Im April 2021 gab die DGI diesen „neuen Unternehmern“ Zeit, ihre finanzielle Situation zu regeln. So sollten bekannte Influencer rückwirkend die Anzahl der Transaktionen angeben, die sie von ausländischen Kunden oder Kreditgebern erhalten haben.
Abwanderung von Kapital
Viele marokkanische Vlogger, Blogger und andere Influencer haben Konten in Steuerparadiesen eröffnet, um ihre tatsächlichen Gewinne zu verbergen. Die Influencer würden dabei von spezialisierten internationalen Vermittlern unterstützt.

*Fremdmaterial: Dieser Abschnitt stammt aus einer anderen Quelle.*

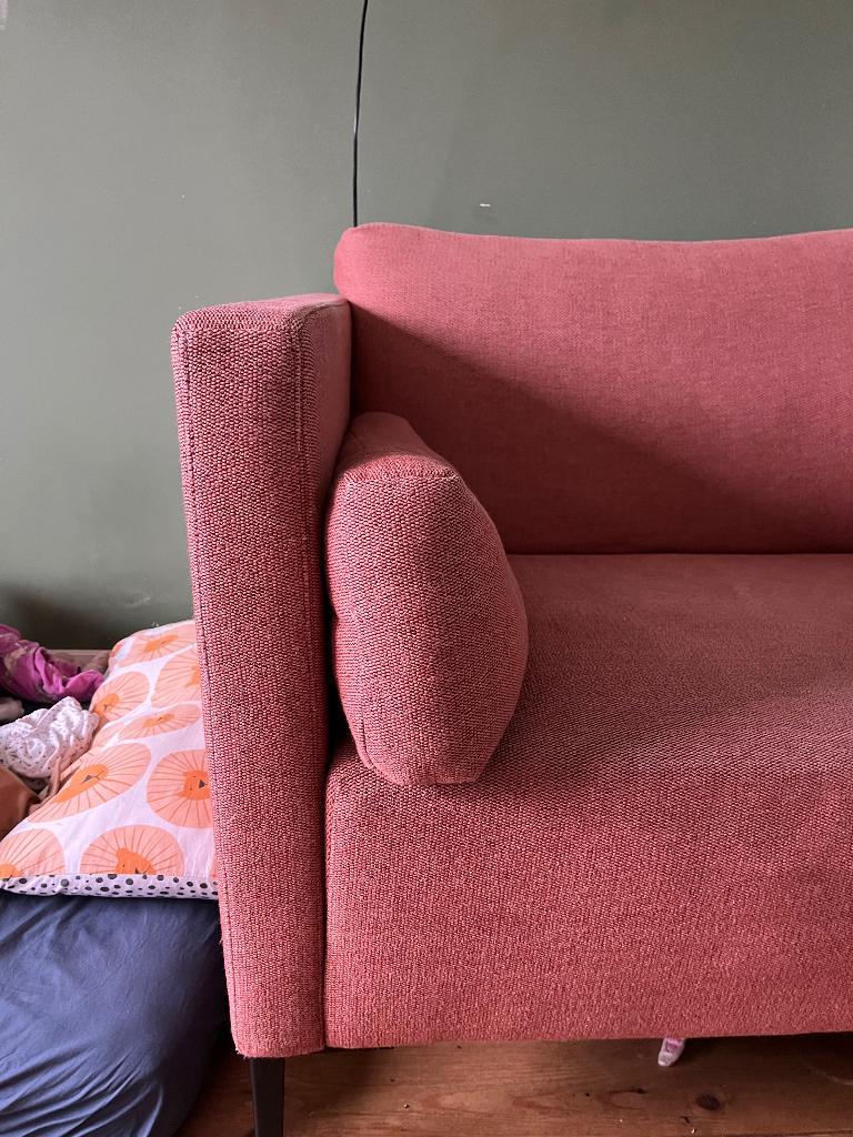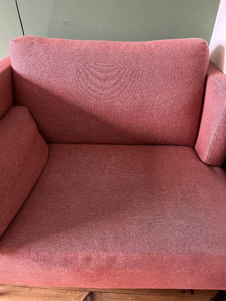Twee roze loveseats van hofstede raanhuis. Geen dieren in huis. Gebruikt maar in heel goede staat. Een is 1.01M breed, de ander 96cm. 93Cm diep en 90cm hoog (inclusief kussen).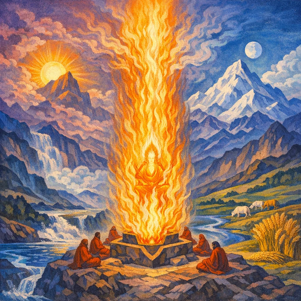 RV 1.140 is an Agni-hymn that invites the altar-fire to take his seat in a well-prepared “womb” (yoni) and to shine as a pure, darkness-dispelling chariot of light. It weaves ritual imagery (kindling, clothing, offering) with cosmic regeneration, portraying Agni as the knower who gathers powers, renews forms, and links the divine Parents (Heaven and Earth) with the flowing Rivers to awaken the hymn and secure nourishment and boons.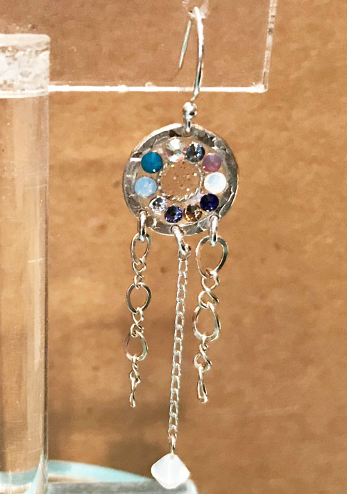 Small silver circle with Swarovski crystals in the circle, with dangling chains. Picture shows multicolor crystals – We have two styles. One style has shades of blue and opal and the other is multi colored stones.. Length: 2″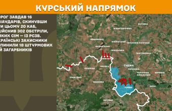 Сили оборони України продовжують операцію в Курській області. Минулої доби ворог завдав 16 авіаударів, скинувши при цьому 20 КАБ, здійснив 302 обстріли, з яких сім — із РСЗВ. Українські захисники зупинили 18 штурмових дій загарбників.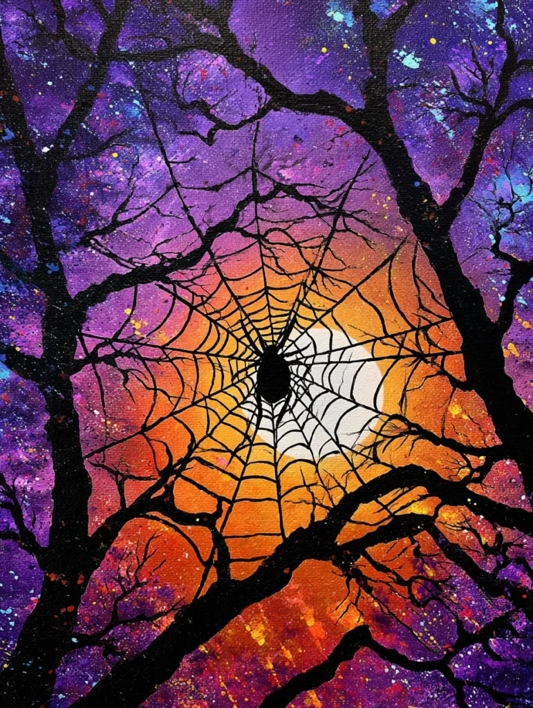 You might find it really peaceful to concentrate on the geometric patterns of the web while your background colors dry. It is a fantastic way to experiment with paint splattering techniques to create that starry, energetic atmosphere without needing a lot of precision. I feel like the bold orange center makes the whole piece feel warm and inviting, even with the spooky spider theme. It’s definitely a showstopper that looks much more complicated to paint than it actually is!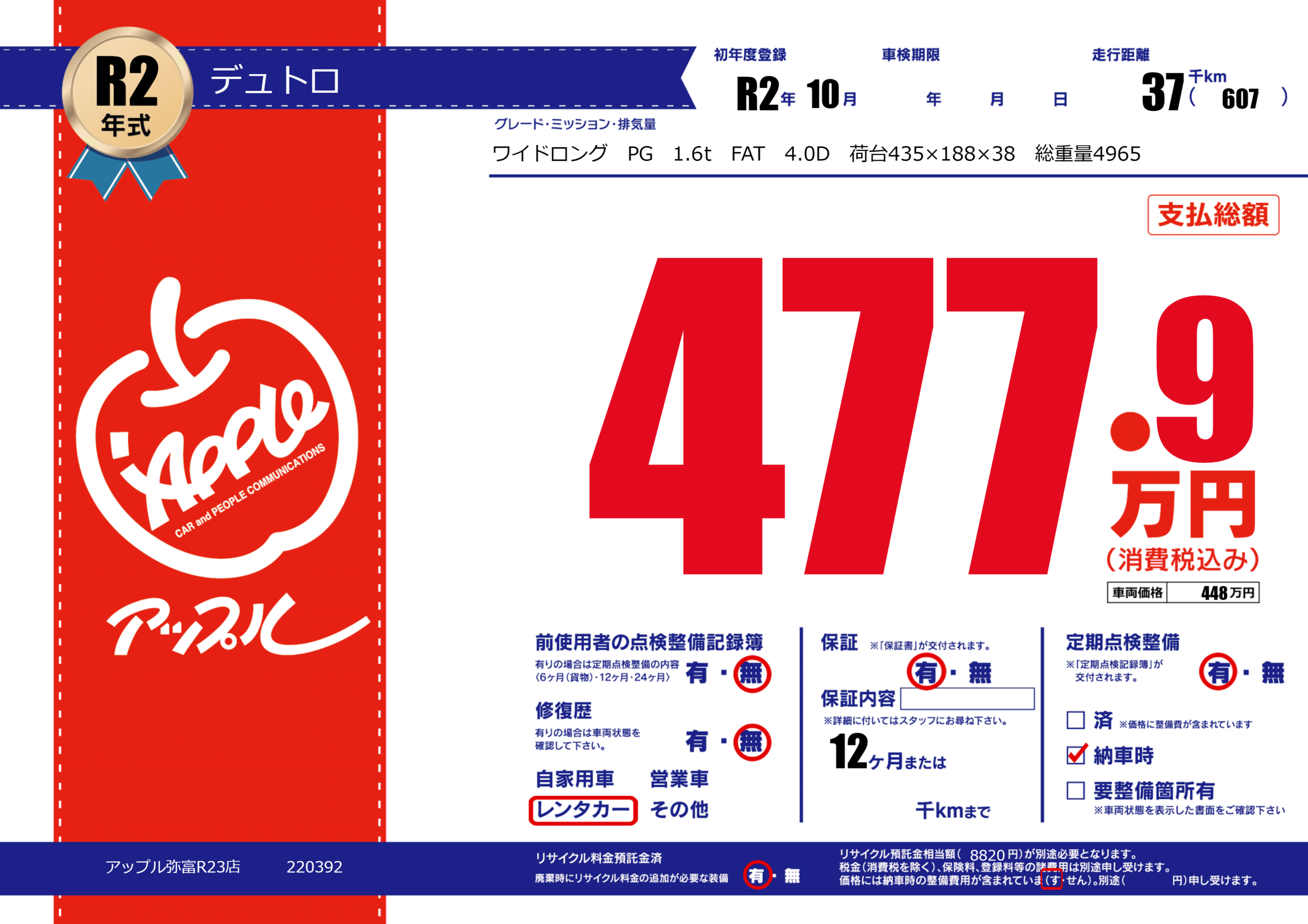 | 走行キロ | 3.7万km | 初年度登録 | R2年10月 |

In einigen Fällen belaufen sich die Einkünfte auf rund 100.000 Dirham pro Monat. Die Verwaltung und Eröffnung von Offshore-Konten wird von internationalen Anwaltskanzleien, die sich auf Steuervermeidung spezialisiert haben, gegen eine hohe Provision übernommen. Die Untergrundunternehmen garantieren die Anonymität ihrer Kunden, da die Vorschriften der Steuerparadiese es erlauben, die Identität der Kontoinhaber geheim zu halten, es sei denn, die Angelegenheit steht im Zusammenhang mit gerichtlichen Ermittlungen und dem Verdacht auf Geldwäsche, Betrug oder Terrorismusfinanzierung.
Zur Kodierung ihrer Tätigkeit erklärte die DGI, dass die Transaktionen mit dem Export von Dienstleistungen oder Produkten ins Ausland gleichgesetzt werden können, die einer besonderen Steuerregelung unterliegen.